If you're getting timeouts you should first reduce the number of threads you're using.
Your server may not respond to many simultaneous requests - it may have trouble coping or may deliberately stop responding if being bombarded from the same IP. If you get many timeouts at the same time, there are a couple of things you can do. First of all, move the number of threads to the extreme left, then Scrutiny will send one request at a time, and process the result before sending the next. This alone may work.
If not, then you can now specify the maximum number of requests that Scrutiny makes per minute.
You don't need to do any maths; it's not 'per thread'. Scrutiny will calculate things according to the number of threads you've set (and using a few threads will help to keep things running smoothly). It will reduce the number of threads if appropriate for your specified maximum requests.
If your server is simply being slow to respond or your connection is busy, you can increase the timeout (in seconds).

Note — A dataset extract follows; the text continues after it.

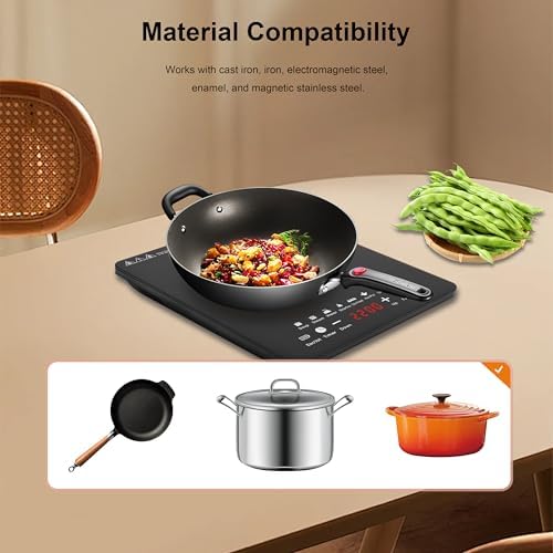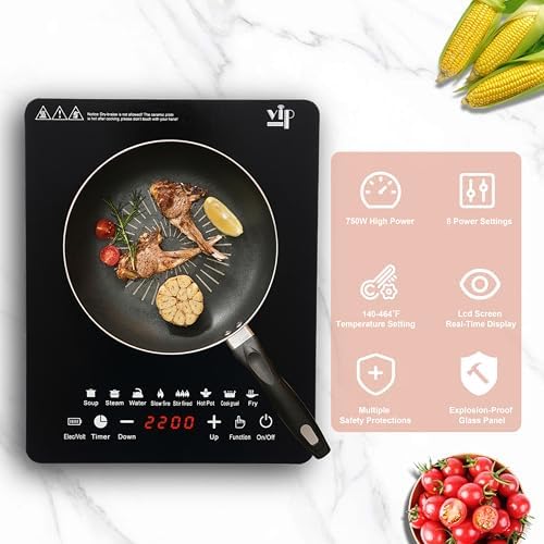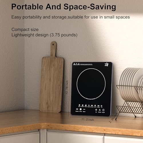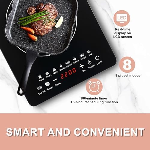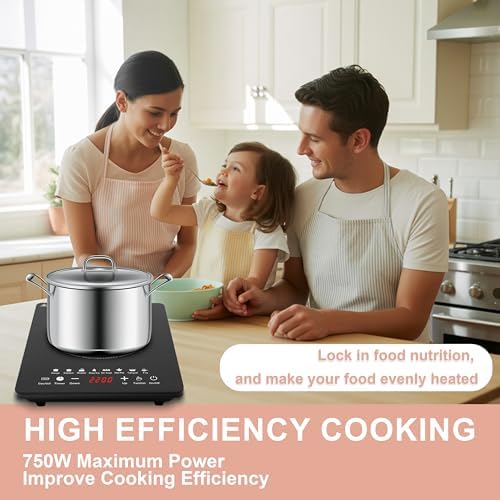 Portable Induction Cooktop Hot Plates, 750W Adjustable Sensor Touch Single Electric Cooktops Countertop Stove with 3-Hour Timer, 8 Cooking Preset Programs, Auto Pot Detection \u0026amp; Safety Lock,

This slider sets the number of requests that Scrutiny can make at once. Using more threads may crawl your site faster, but it will use more of your computer's resources and your internet bandwidth, and also hit your website harder.
Using fewer will allow you to use your computer while the crawl is going on with the minimum disruption.
The default is 12, minimum is one and maximum is 40. Experiment to find the optimum crawl speed with the slide half way.
Beware - your site may start to give timeouts / errors or other problems if you have this setting too high. In some cases, too many threads may stop the server from responding or responding to your IP. If moving the number of threads to the minimum doesn't cure this problem, see 'Timeout and Rate limiting' below.
If your first scan didn't proceed or finish as expected, here are some important settings which may need changing to suit your site.
The default settings of these controls will suit most sites, but if you have problems, read the descriptions below and decide whether you may need to change them.
The querystring is information within the url of a page. It follows a '?' - for example www.mysite.co.uk/index.html?thisis=thequerystring. If you don't use querystrings on your site, then it won't matter whether you set this option. If your page is the same with or without the querysrting (for example, if it contains a session id) then check 'ignore querystrings'. If the querystring determines which page appears (for example, if it contains the page id) then you shouldn't ignore querystrings, because Scrutiny won't crawl your site properly.
If you have to allow querystrings because there's a page id in there, but a session id or some other parameter is causing the crawl to go on for ever, then Scrutiny now has the option to ignore only the session id (or another single parameter). See the 'Advanced' tab
Some content management systems have urls where a page name is included in the starting url but has no file extension. eg mysite.com/mypage/ If this is your starting url, Scrutiny cannot know whether this is a directory or a page. If a directory, Scrutiny would limit its scan to the directory /mypage/. If it's a page then the scan would be limited to mysite.com. This situation is auto-detected, you should be asked the question if necessary, but you are able to manually change the setting here if necessary.
foo.com is considered the same as foo.com/ with this setting switched on. For most sites it'll be correct to leave this setting on, but some sites are touchy about the trailing slash being present or not.
If a page requires javascript to populate some or all content, it may display its 'noscript' text in browsers that have javascript disabled and that may be what Scrutiny sees. If your site requires javascript to be switched on before content or navigation links are visible then Scrutiny can render the page before scanning the page.
Check 'Site is inaccessible without clientside rendering' to switch on this feature. The scan will be slower and use far more resources, so only use this option if you're absolutely sure that it's absolutely necessary.
Note that 'onload' script will be executed, but Scrutiny can't perform user actions like clicking menus, scrolling or trawl through javascript searching for links.
This setting will ignore the session id within the querystring, but leave the rest of the querystring intact. Some sites assign a session id in the querystring ( ?sid=12345 ) and this may change during the scan, leading to the same page being logged many times and the scan never finishing. One solution is to set 'ignore querystrings' but sometimes this isn't possible if other parameters within the querystring are essential. Using this setting, you can ask Scrutiny to remove just the session id (or any other single parameter from the querystring).